Segundo o secretário especial de Produtividade, Emprego e Competitividade do Ministério da Economia, Carlos da Costa, essa estimativa reflete o custo que as empresas brasileiras têm acima da média dos países que integram a OCDE. “É um número que representa o peso da nossa burocracia, o peso de vários erros que foram cometidos no passado”, disse Costa.
O secretário ressaltou que, entre os elementos que compõem o Custo Brasil, o que mais pesa para as empresas é o emprego de capital humano. “O Brasil, que precisa contratar pessoas para reduzir o índice de desemprego, tem como principal componente do Custo empregar capital humano. Cometemos erros no passado de qualificação de mão de obra, de educação e de excessivos encargos trabalhistas”, explicou.
Segundo o secretário, depois disso, aparece o pagamento de tributos. “Nossa estrutura tributária é muito complexa. E o terceiro (elemento) é utilizar a nossa infraestrutura, que, nas últimas décadas, se deteriorou. Precisamos ter medidas concretas, que o governo federal está implementando, para que consigamos reverter essa situação.”
Já a alta do dólar não é motivo para preocupação. “Quando sobe e desce tem vantagens e desvantagens, um câmbio mais depreciado torna as empresas brasileiras mais competitivas, mais apreciado é bom para quem viaja, mais depreciado encarece a produção para quem vende para o mercado interno com insumos em dólar. Mas isso é um assunto do Banco Central, e temos como filosofia o câmbio flutuante”, disse.

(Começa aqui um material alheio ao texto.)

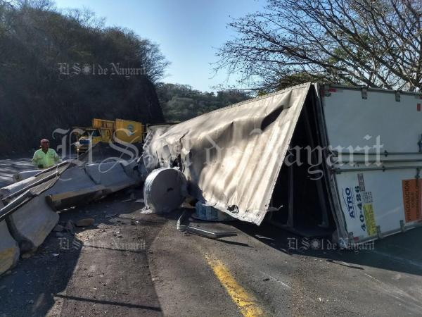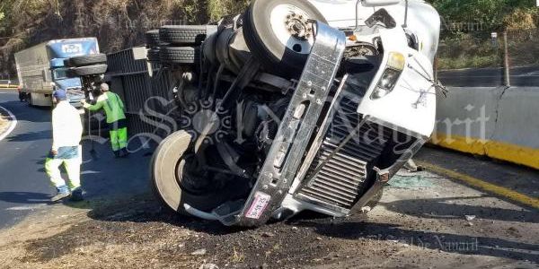 Un tráiler de la empresa "LALA", volcó durante la tarde de este miércoles cuando circulaba sobre la autopista Tepic-Mazatlán.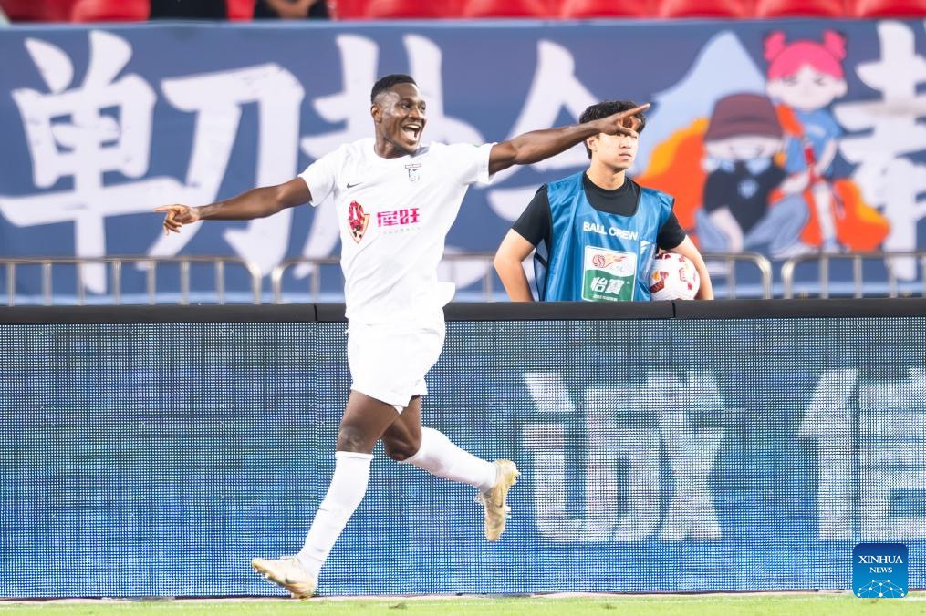 Cephas Malele (front) of Dalian Yingbo celebrates scoring during the 12th round match between Wuhan Three Towns FC and Dalian Yingbo at the 2025 season Chinese Football Super League (CSL) in Wuhan, central China's Hubei Province, May 11, 2025. (Xinhua/Xiao Yijiu)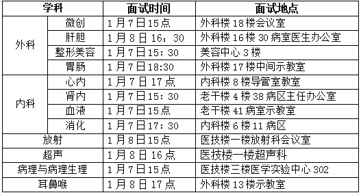 2、1月7日下午—8日:学科考核小组面试(见下表)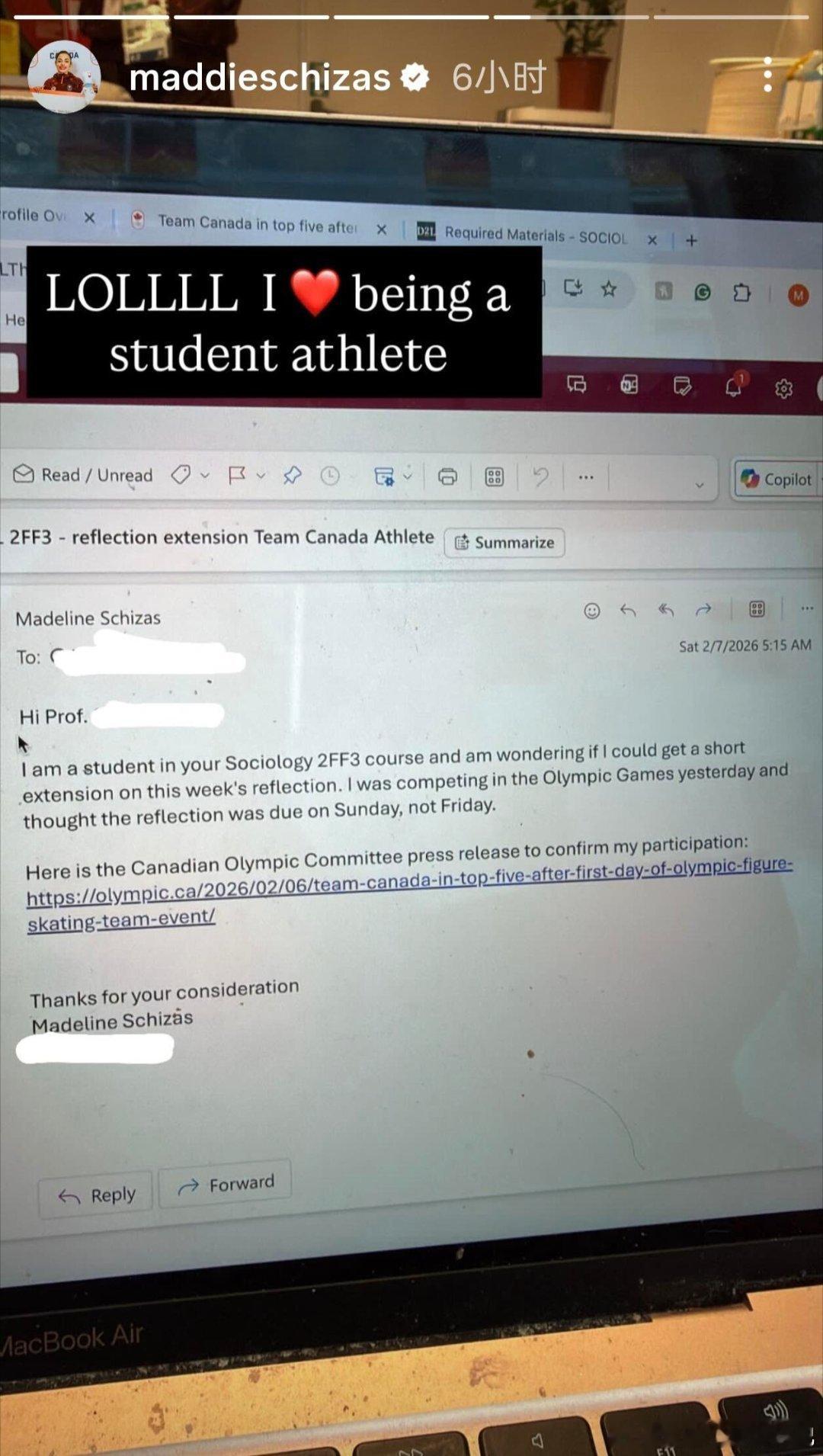 冬奥选手忘交作业给教授打报告Schizas不仅是一位运动员,也是一位麦克马斯特大学(McMaster University)的学生。昨天,她发现自己忘记了作业的ddl,于是紧急给教授写邮件请求通融。你看,就算是奥运会选手也是要写作业的!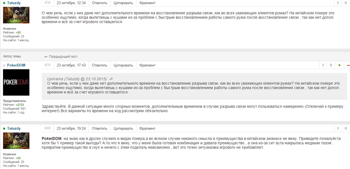 Поняла,что тема со страховкой обрывов связи ( а вообще обрывы какие то странные уж очень) и дополнительным временем на восстановление в игровом процессе, глухая и админы прикидываются "вениками" . Я так и написала,что если это норма,то желания и смысла играть на лимитах выше и терять на таких искусственных скупах, нет совершенно. И таким образом новый развивающийся рум только вызывает недоверие и отвращение у клиентов.Странная политика так то. Какие -то левые выгоды придумывают от искусственного обрыва связи самим игроком. На предложение привести хотя бы 1 пример такой выгоды - тишина. Не знаю как там в других видах покера, а любой обрыв связи в китайском покере -это практически прямой путь к скупу. При этом , если в режиме нескольких раундов, а ты так вылетаешь в трубу на первом, то тебя тупо продолжают ощипывать как курицу и в следующих раздачах, пока ты в ситауте и ты ничего с этим поделать не можешь, при этом, даже если обрыв реальный и ты быстро восстанавливаешь связь,то само обновление и подключение работы приложения очень тормозное и не успеешь по-любому вернуться до истечения игрового времени. Априори игровое время не может быть в том числе и временем страховки на восстановление связи,а уж с учетом тормознутости самого обновления приложения ,оно должно составлять от 1 до 3 минут. В общем, это очень серьезная проблема и разочарование.Думаю,что многие уже это на себе испытали и есть с чем сравнить. Во всяком случае я не могу из тех нескольких румов, где играю , припомнить хотя бы еще 1,в котором эту проблему считали несерьезной и не решали к радости клиента,ибо, когда клиент доволен,то несет бабло . Были проблемы у Тони как то, а так же на Гамблере,но сейчас их нет, именно потому что, как раз позицию " дополнительное страховочной время при потере связи" расширили и времени достаточно для восстановления и сами приложения включаются в полноценный режим работы за 5-10 сек после восстановления связи.

Depois de divulgar a estimativa do Custo Brasil, o secretário lançou o Programa de Melhoria Contínua da Competitividade, que terá como base o Custo Brasil e que foi feito em parceria com entidades setoriais. A portaria do programa foi assinada hoje.
“Estamos, a partir de hoje, implementando aquele que pode ser um programa que pode transformar nossa economia. É uma forma de tratarmos cada um dos problemas com método, com cálculo do impacto de cada melhoria, de cada nova lei, cada nova norma, sobre nosso ambiente de negócios e de nossa competitividade e dificuldade”, destacou Costa. “Vamos trabalhar para que nosso Custo Brasil se reduza o mais rápido possível”, disse o secretário. Ele enfatizou que ainda não é possível calcular em quanto tempo o Brasil poderá reduzir seu custo, de modo que este entre na média dos países que compõem a OCDE.
O programa traz uma abordagem que busca reduzir o Custo Brasil por meio de nova metodologia de análise e governança, avaliando e priorizando propostas que tenham chances de melhorar o ambiente de negócios e a competitividade brasileira. O secretário informou que, para isso, será criado um canal centralizado de comunicação no site do Ministério da Economia, por meio do qual serão recebidas propostas de políticas públicas ou de soluções para a melhoria do ambiente de negócios, aberto a organizações representativas do setor privado. Um conselho deliberativo da secretaria é quem irá avaliar as propostas e tomar as decisões.